- Developer: Fugitive Games
- Publisher: Iceberg Interactive
- Composers: Jack Wall Jim Lordeman
- Engine: Unreal Engine 4
- Platform: Microsoft Windows
- Release: WW: March 4, 2016;
- Genre: Space combat simulator
- Mode: Single-player

= Into the Stars =

2016 video game

Into the Stars is a space simulator video game developed by Fugitive Games, a development team made up of former EA DICE and Spark Unlimited developers, and published by Iceberg Interactive.

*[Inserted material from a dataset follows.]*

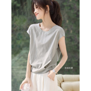カジュアルでシックなデザインのウエスト痩身シャツ 2025 夏の新しいスタイルの女性のための背中スリットシャツ年齢を減らして痩身

Following a successful Kickstarter crowdfunding campaign, the game was greenlit and went into the Steam Early Access program.

The goal of the Into the Stars is to reach the planet of Titus Nova, with one large "capital" spaceship and a limited amount of supplies. In order to achieve this the player must visit other planets to gather resources, negotiate with alien species, and attempt to escape the pursuit of an enemy threat known as the Skorn.

Fugitive Games cited The Oregon Trail and FTL: Faster Than Light among their inspirations for the game.

== Reception ==
On Metacritic, Into the Stars received "mixed or average reviews". Don Saas of GameSpot rated it 6/10 stars. Saas praised the game's graphics, resource management, and the detailed character backgrounds, but he said that the unchanging map limits replayability. He also found the game's difficulty inconsistent and too dependent on punishing random events.